** PROBLEM TO WORK ON **
Would you return exactly the lines from the top of the data below through the one containing "ЗМІ дізналися деталі", leaving out the pictures?

-------- SUPPLIED DATA --------

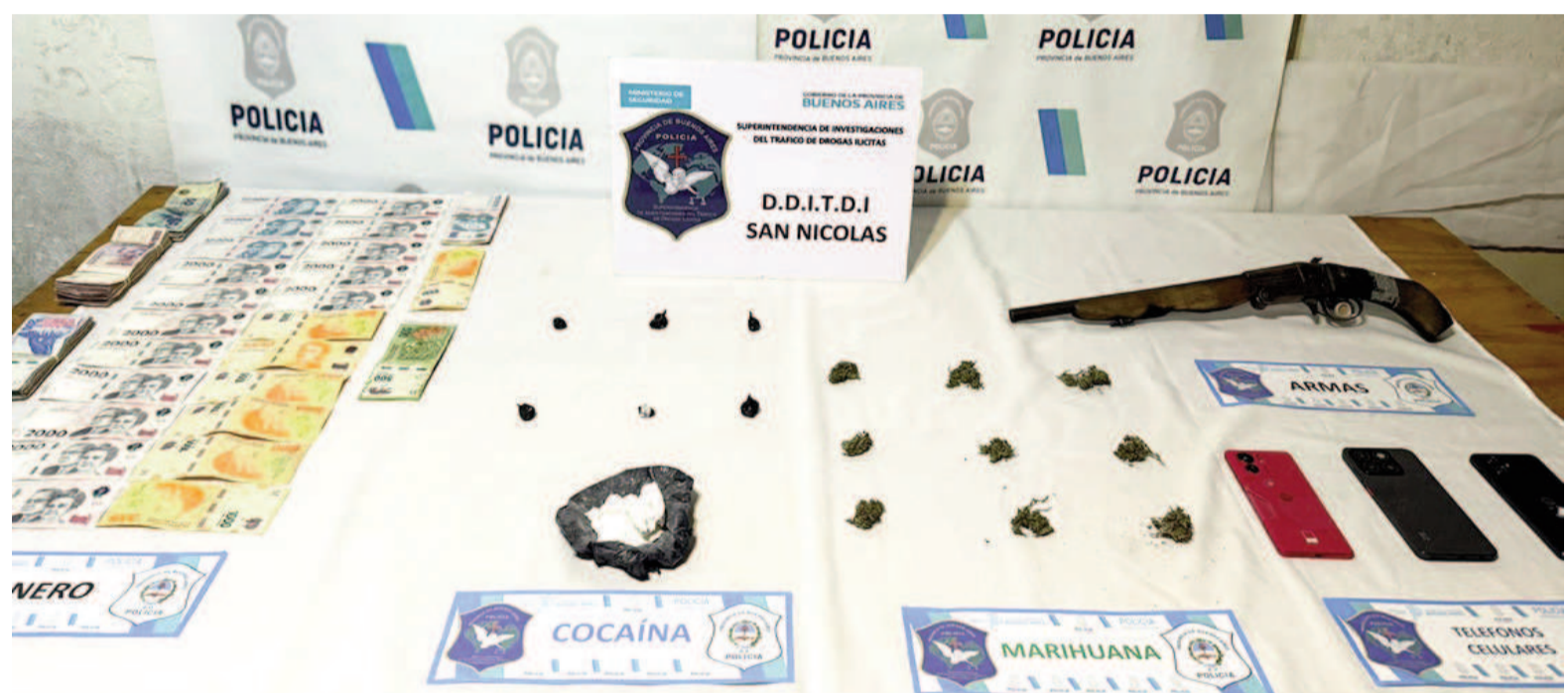
La Fiscalía avaló lo actuado por el personal policial, ordenó el secuestro de la totalidad de los objetos incautados y la aprehensión del principal investigado.

Las tareas de inteligencia incluyeron averiguaciones de manera encubierta, vigilancias alternadas, seguimientos, análisis de diversas conversaciones de WhatsApp, es-
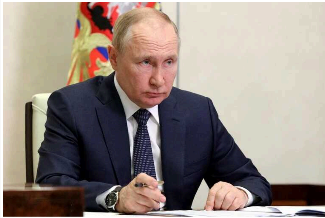
ЗМІ дізналися деталі розробок «протисупутникової зброї» в Росії: концепція виникла ще наприкінці Холодної війни

Держава-терорист Росія намагається розробити ядерну космічну зброю, яка нібито дозволить знищувати супутники. Окупанти сподіваються, що за допомогою такої розробки зможуть створити у відкритому космосі потужну енергетичну хвилю, щоб вивести з ладу величезну кількість комерційних та урядових супутників.
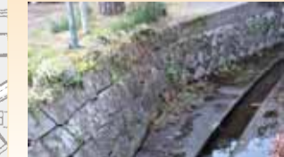
石の積み方にも注目。増設したり、途中で積み方が変わったりしている。

浜町周辺には、石積みの水路やその跡が多く見られる。水路は、旧河道に沿って緩やかなカーブを描くものや、真っ直ぐで整然とした古い道に沿うものがある。川のもたらす水運、水害の脅威に対応しつつ、整然とした町並を整えた商業の町の輪郭を伝えている。

--------

** TASK RESULT **
La Fiscalía avaló lo actuado por el personal policial, ordenó el secuestro de la totalidad de los objetos incautados y la aprehensión del principal investigado.

Las tareas de inteligencia incluyeron averiguaciones de manera encubierta, vigilancias alternadas, seguimientos, análisis de diversas conversaciones de WhatsApp, es-
ЗМІ дізналися деталі розробок «протисупутникової зброї» в Росії: концепція виникла ще наприкінці Холодної війни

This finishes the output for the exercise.